October 10, 2011Research in Motion cut Blackberry service to most of Europe for 6 hours due to a power failure in their Slough, UK data center. The outage caused service disruptions for 3 days worldwide.

August 11, 2011Colo4 in Dallas, TX failed an automatic transfer switch, resulting in a 6 hour power outage.

August 7, 2011 - Amazon Web Services Dublin, Ireland data center lost power due to a generator phase-synchronization error, disrupting service to the EU West region.

The Power of N

If you have been in or around data centers over the last 10 years, you have experienced the power of N. This single letter drives the architectural standards and design philosophies of the entire data center industry. There a lot of N’s in the data center industry -- N, 2N, N+1, N+2, and (2(N+1)).

Now RagingWire is introducing a new N called 2N+2. Why are we doing this? Well the other N’s didn’t measure up to the task of describing our patented critical infrastructure architecture.

What is N?
N is the amount of something you need in order to deliver a service or load. For an IT shop, N could be the number of servers you need to deliver a defined processing capacity. In a data center, N could be the number of UPSs (uninterruptible power supplies), generators, MSB (main switchboards) you need to deliver a power load. Of course in an N configuration, you need to hold constant the capacity of each element that makes up the N.

With N as your base, the next step is to identify the number of spare devices and complete backup units in your configuration. For example, let’s say you need 10 servers to run a cloud application. If you have a total of 14 interconnected servers with 10 production devices and four spare units, then you have an N+4 design. If you have two independent configurations of 10 servers each that can back each other up, then you have a 2N design.

N is a useful approach when describing the world of physical devices to deliver a certain capacity. The challenge is information technology and data centers are becoming increasing virtualized where pools of capacity are available and dynamically configurable. Devices still matter, but so does continuous monitoring and dynamic management of the capacity those devices deliver.

2N+2 Delivers 100% Availability
RagingWire’s patented 2N+2 design describes the physical devices, virtualized capacity, and PLCs (programmable logic controls) that enable us to deliver a data center with 100% availability even during maintenance periods and a utility outage.

We call the PLCs and integrated data center infrastructure management (DCIM) system, N-MatrixTM. With N-Matrix, we can combine our 2N power paths and N+2 critical infrastructure to deliver a 2N+2 data center – the most reliable data center design in the world.

Technology is great, but it’s all about the people

Often, when we take potential customers through our data centers and show them our patented technology, they remark at what incredible technology we have designed and implemented. My first response is always this: it is a result of the people we hire to design, build, and operate our data centers. My two priorities in anything we do are availability of the customer application and outstanding customer service. These are enabled by technology, but driven by people. As demonstrated by numerous studies in the data center industry and from my previous life in the nuclear industry, people remain and are still the leading cause of downtime in data centers (more on that in follow-on posts).

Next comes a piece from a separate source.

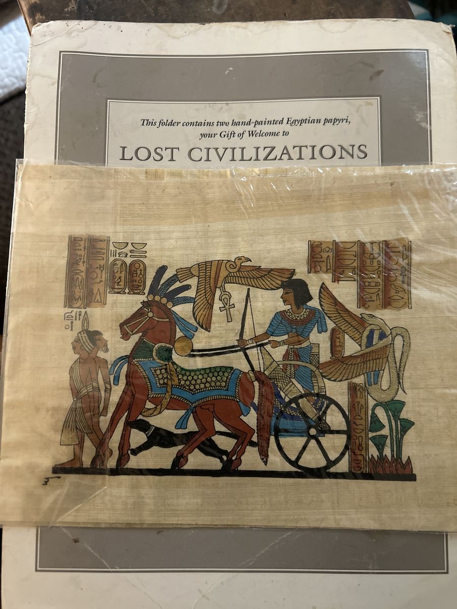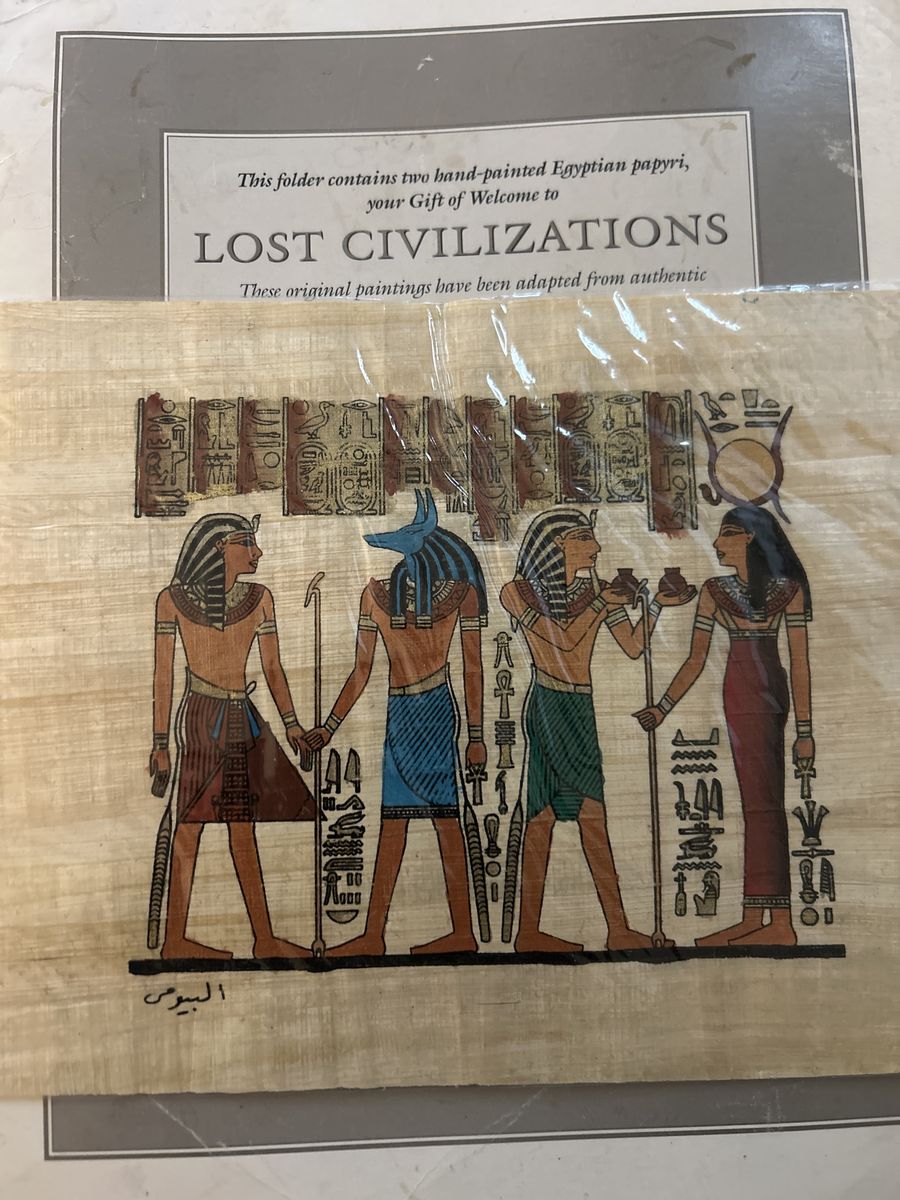 ApplePayFor sale are 2 hand-painted Egyptian papyri. These were part of the welcome package when I signed up for a Time Life book series "Lost Civilizations." These are about 30 years old but were never removed from their plastic sleeves. Each measures 9 x 7 inches. Very vibrant colors. Signed by the artists who painted them.
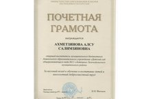 Поздравляем нашего старшего воспитателя Ахметзянову Алсу Салимзяновну с награждением почетной грамотой за весомый вклад в воспитание и обучение детей и многолетний добросовестный труд!!!

First, hire the right people and then give them the tools to succeed. One of the best things RagingWire has done is give our employees and our clients a clear definition of our data center design: "Fix one, break one, concurrent with a utility outage." In other words: we are designed for concurrent maintainability and fault tolerance during a utility outage, including power or water -- this philosophy resonates through RagingWire's design, construction, and operations groups, and even in our concurrent engineering sessions with our clients. The philosophy is driven by the people we have at RagingWire.

Many people in the industry have tried to treat the data center as commoditized real estate. It is unequivocally not real estate; it is a product which at the end of the day delivers availability of a service and an application to our customers. As people try to commoditize and treat data centers as real estate, they lose focus on availability and product delivery and therefore they outsource design, construction, and operations - driving down service and quality. Data centers, the product that we provide, and the availability of the service is not a commodity that can easily be white washed between providers. There is an amazing amount of technology and innovation being put into our data centers and the product is backed up by incredible people dedicated to the availability and uptime of that product.

RagingWire has made a conscious decision to hire and in-source the life cycle of the data center. We design what we build, we build what we design and we operate what we design and build. And we provide these resources to our customers to ensure that when they build out, their IT environment is as hardened and redundant as possible and that their hardware, network and application level architecture is designed in conjunction with our data center design. The people, enabled by the technology, are the cornerstone of how we accomplish this with our clients and provide 100% availability of their applications and services.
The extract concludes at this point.